**DATA BELOW**

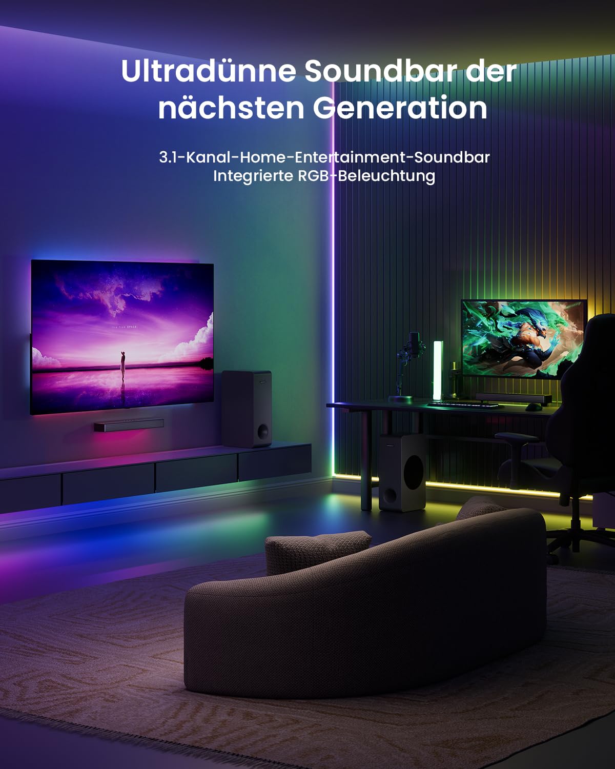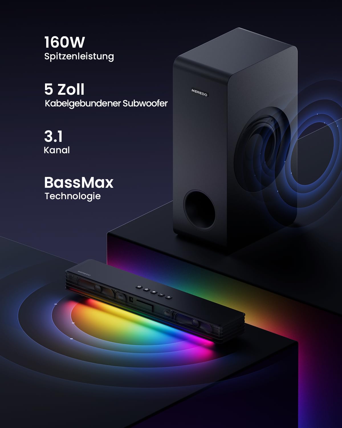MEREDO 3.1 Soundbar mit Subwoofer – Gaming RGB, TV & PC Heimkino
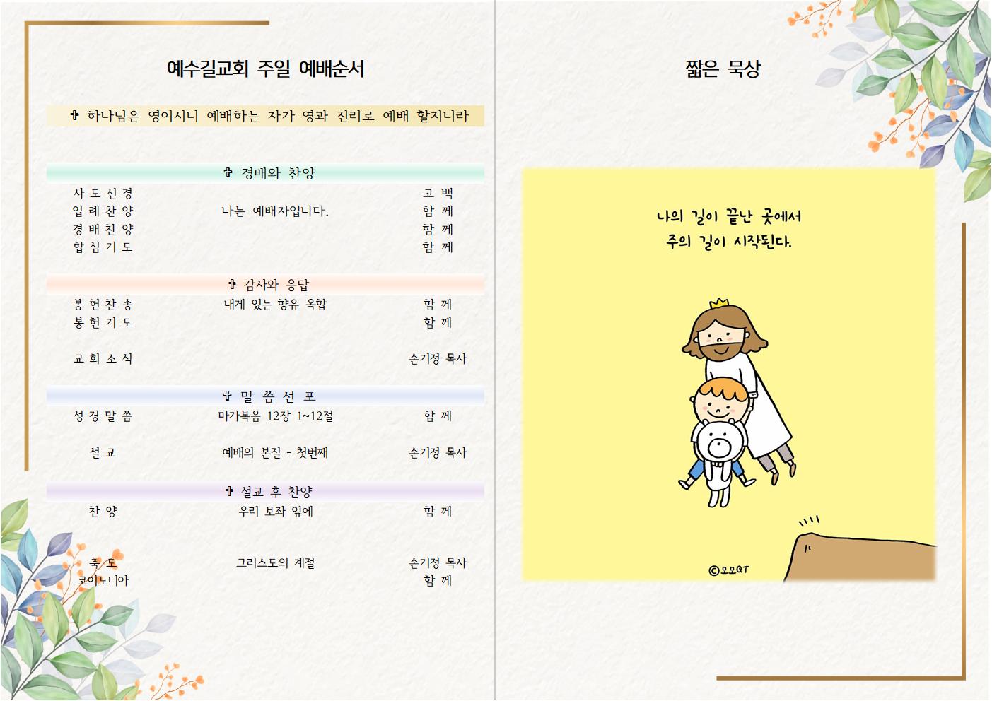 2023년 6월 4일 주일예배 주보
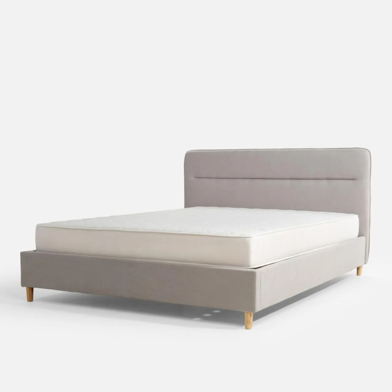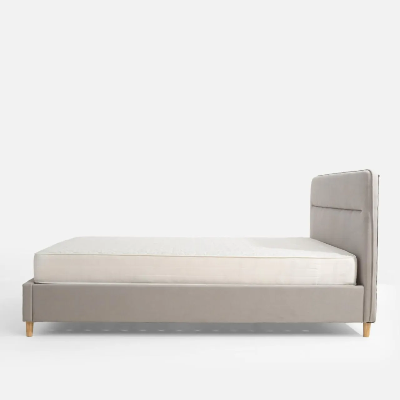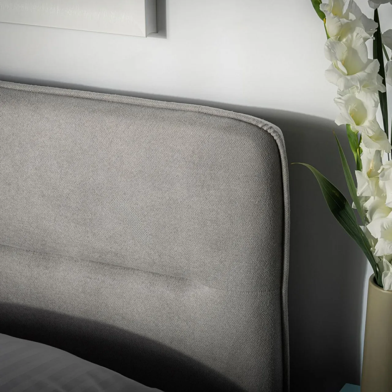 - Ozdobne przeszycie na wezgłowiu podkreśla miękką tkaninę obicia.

**TASK ITEM**
Restate the listing above word for word, and skip the pictures.

**WRITTEN ANSWER**
MEREDO 3.1 Soundbar mit Subwoofer – Gaming RGB, TV & PC Heimkino
 2023년 6월 4일 주일예배 주보
 - Ozdobne przeszycie na wezgłowiu podkreśla miękką tkaninę obicia.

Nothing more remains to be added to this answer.